TASK ITEM
Starting with the line that contains "Antique gold tone", repeat each line exactly through the final line of the listing. No picture should appear in the copy.

MATERIAL PROVIDED
┄┄┄┄┄┄┄┄┄┄

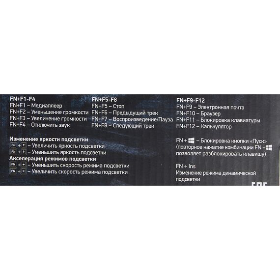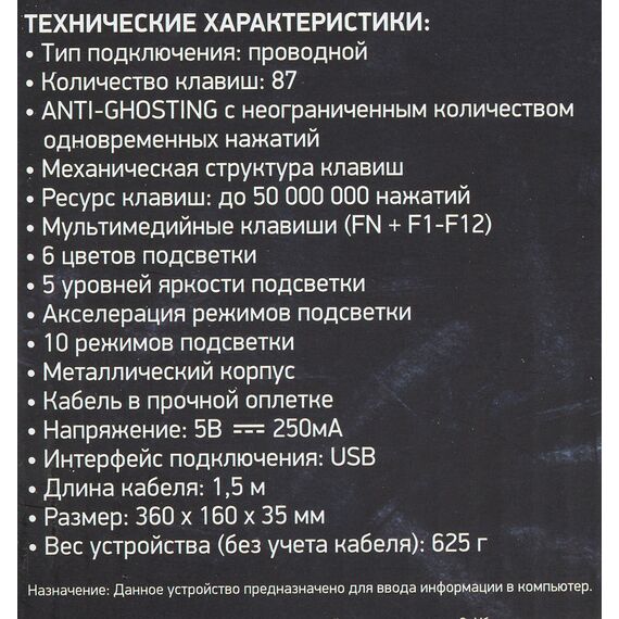 | Особенности | 6 цветов подсветки, 10 режимов, металлический корпус. ANTI-GHOSTING с неограниченным количеством одновременных, Ресурс клавиш до 50 000 000 нажатий, Мультимедийные клавиши (FN-F1-F12) |
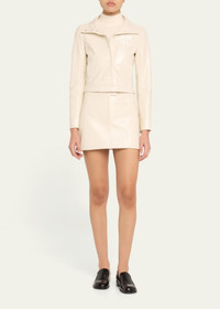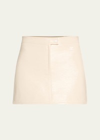 Courreges vinyle reedition skirt featuring logo embroidered side High waist A-line silhouette Mini length Snap-tab/zip fly Cotton/polyurethane/elastane Lining: Cupro Imported Online Inquiries: BGS21_B8P3G| Store Inquiries: #4615272
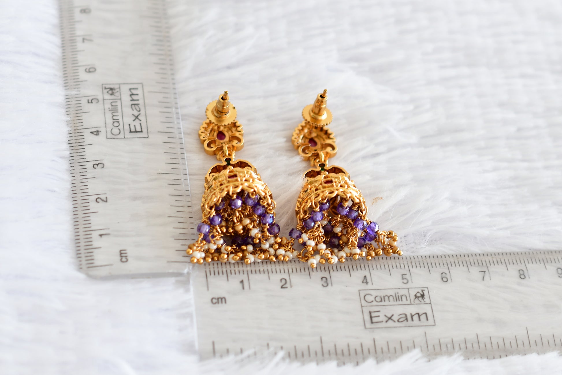 Antique gold tone ruby-green purple beaded elephant jhumkka dj-52161
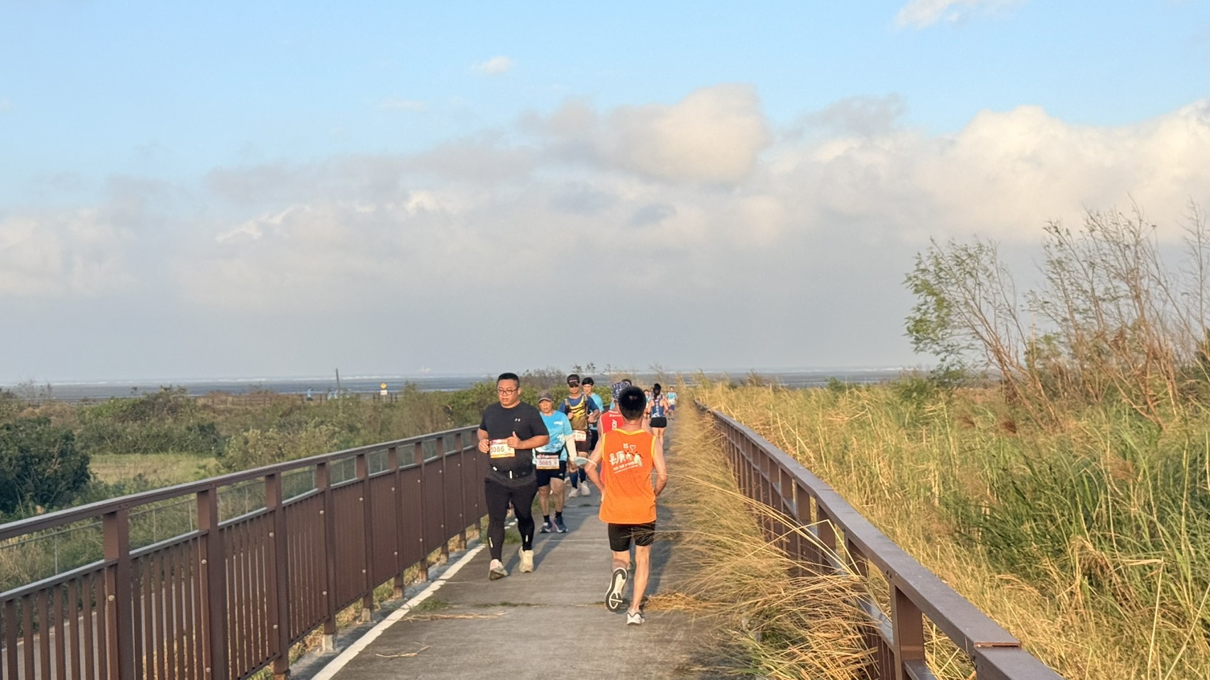 主照-高美濕地海風公益路跑吸引約1,500名跑者迎著晨曦與海風奔馳。

┄┄┄┄┄┄┄┄┄┄

SOLVED EXERCISE
 Antique gold tone ruby-green purple beaded elephant jhumkka dj-52161
 主照-高美濕地海風公益路跑吸引約1,500名跑者迎著晨曦與海風奔馳。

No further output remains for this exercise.